Is there a reason why the Go runtime doesn’t use the event loop for waiting on processes? epoll and so on also support that, right?

rzhikharevich | 4 hours ago

This would require using the self-pipe trick on non-Linux Unix platforms (Linux has signalfd) which, I guess, is awkward because it involves installing a signal handler (that the user might want to install themselves).

A relevant comment from a Go contributor: https://github.com/golang/go/issues/60481#issuecomment-1567596259

: andyc | 3 hours ago
That's very related, though I think there's nothing stopping the Go runtime from using the self-pipe trick (like the Python asyncio runtime does, and presumably node.js)

I think the real problem is that Go only supports os.ForkExec() -- there is no os.Fork().

os.Fork() would be unsafe because there are also threads involved (the ones that implement goroutines, and then ones that do blocking I/O).

Hm well that's a problem for a SHELL - it has to fork() without exec

But maybe a process supervisor can use os.ForkExec()? and non-blocking WaitPid() instead of Wait()?

Someone else can probably unpack that a bit more ...

But yeah given the 2023 response from the Go team, I would still personally be wary of using Go for process management. You can probably do it, but it won't be pretty or portable.

The os package is intended to be somewhat OS independent. Some aspects of this only seem to make sense on Unix systems.

It's not yet obvious to me why we need new API. Programs that need this level of control over subprocesses are likely system dependent and can use the syscall API. I don't see a reason to worry about conflicts between the syscall API and the os API; if you need the syscall API, use only the syscall API. Then you can take advantage of whatever facilities the operating system provides, and can produce the same channel-based API that you are describing here.

The whole point is that processes are different on Unix and Windows! So making a portable os package means you are limited to a tiny least common denominator.

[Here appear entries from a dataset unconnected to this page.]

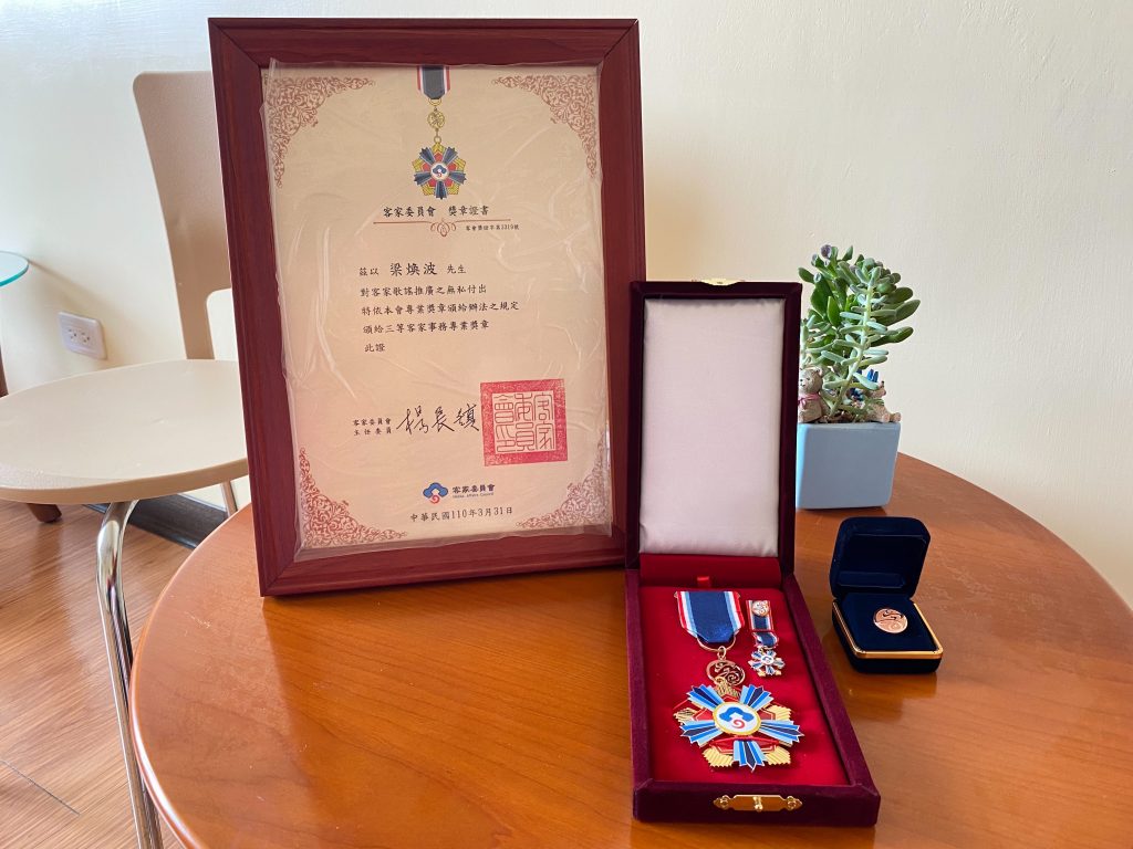 客家委員會副主任委員范佐銘今(16)日,代表客委會主委楊長鎮前往桃園市桃園區,頒發三等客家事務專業獎予梁煥波,范副主委感謝梁老師一生無私推廣客家歌謠,不僅致力將優美的客家音樂讓客家人聽見,更吸引到許多非客家族群的喜愛,梁老師獲頒三等客家事務專業獎章實至名歸。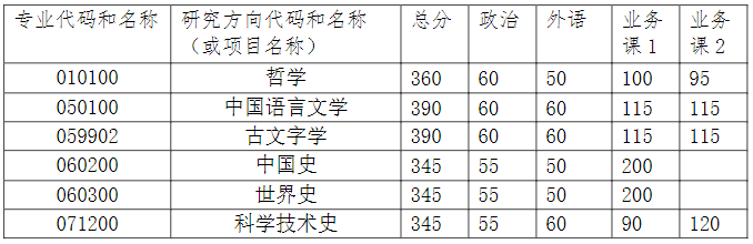 1、各专业(项目)入围复试分数线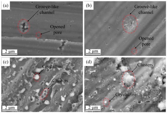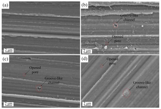 Figure 6 shows the surface SEM images of the specimens after applying a 400 V pulse for different pulse widths. When shorter pulses of 100 μs and 500 μs were applied, circular discharge channels with opened pores were found in addition to the groove-like channels, as shown in Figure 6a,b. These surface morphologies are similar to those shown in Figure 5. However, after breakdown, surface morphology for longer duration pulses was found to be significantly different, as shown in Figure 6c,d.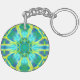 Cadena de llaves en tintes de corbata en tonos cobálticos azules, verdes y amarillos con fondo de agua/verde azulón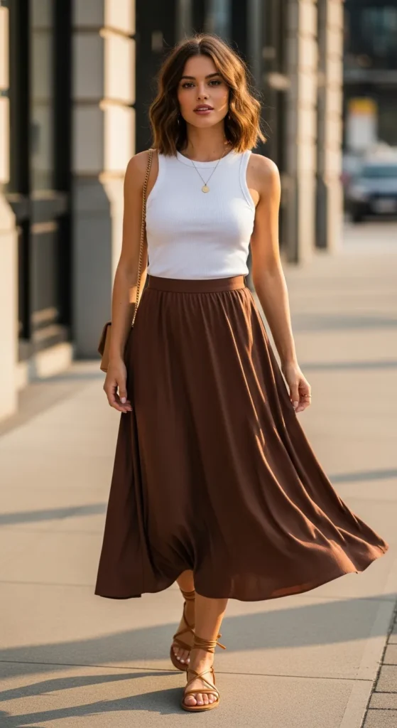 A fitted white ribbed tank tucked into a flowy chocolate brown midi skirt feels simple yet quietly striking. The clean contrast keeps it summery, while the rich brown tone adds depth and maturity to an everyday look.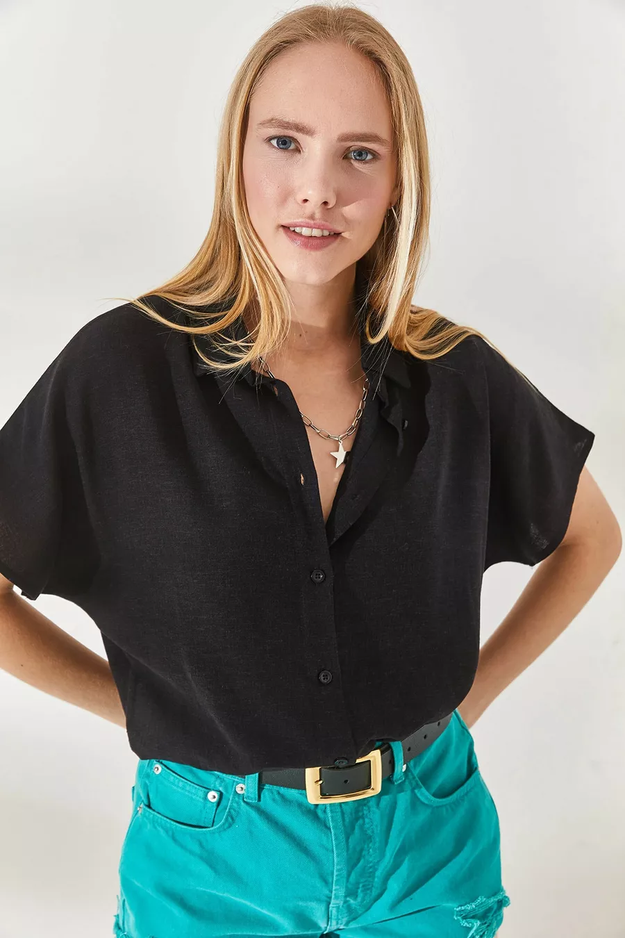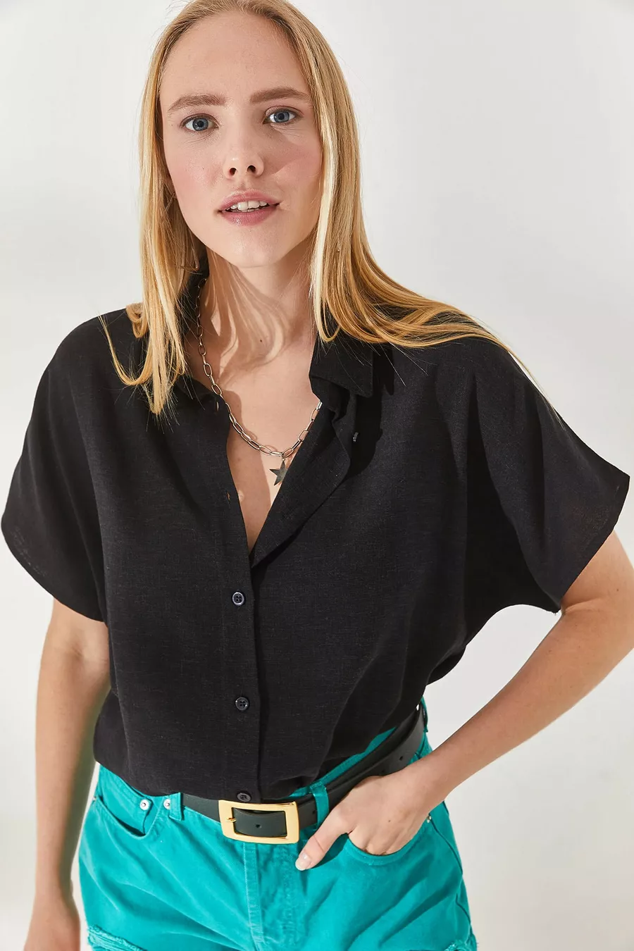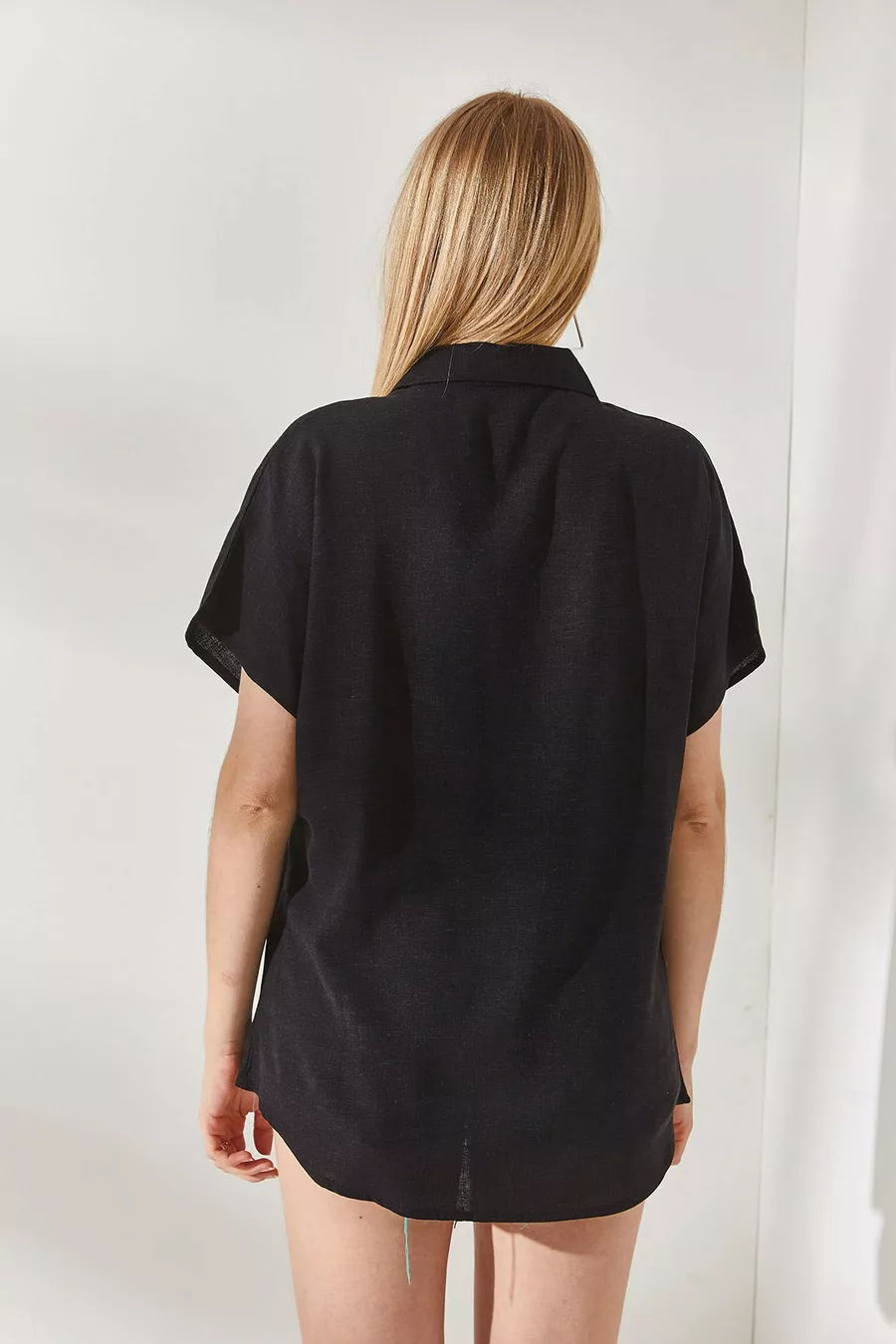 Camicia Donna Oversize in Lino Nero a Maniche a Pipistrello

I think Go is trying too hard to be an OS, rather than a language ... same issue with the Dial() stuff over socket APIs

runxiyu | 20 hours ago

I find signal handling to be fine. My concern with using Go on PID 1 is Go's inability to properly handle OOM or any allocation failures in general

mxey | 12 hours ago

What special responsibilities does PID 1 have except reaping all children?

acatton | 6 hours ago

I think this is highly subjective. It depends where you put the cursor. You've put the cursor at reaping all children, but IMHO one could argue PID 1 doesn't have to reap its children either. It could totally let zombie processes occupy the process table until it's full and the system crash.

On the other hand, one could put the cursor at the opposite side of the scale, and say that it's supposed to:

mount the fstab
mount virutal filesystems (/proc, /sys, /dev, ...)
pivot_root
run fsck if necessary
load driver modules
set the runtime kernel parameters (aka "sysctl")

I know that some folks will say this can be done by subprocesses, like sysv init does it with services, or systemd with units. But IMHO, this is subjective, the init process was still in charge of starting these processes that performed these early system configuration.

I feel that what author of the story was trying to show is that you don't need any of this to run Linux. He mounted nothing, and ran his entire PID 1 from its initramfs root. Heck, his PID 1 wasn't even reaping processes.

zie | 5 hours ago

I seem to remember I used to have PID 1 as a shell script. Like other comments have mentioned, Go isn't the most ideal perhaps, but it's good enough.

kana | an hour ago

From the title I thought it was going to talk about user-mode Linux, where the kernel is run directly as a user-space program. (Maybe this series will get to it later?) But it turns out way more interesting than I expected!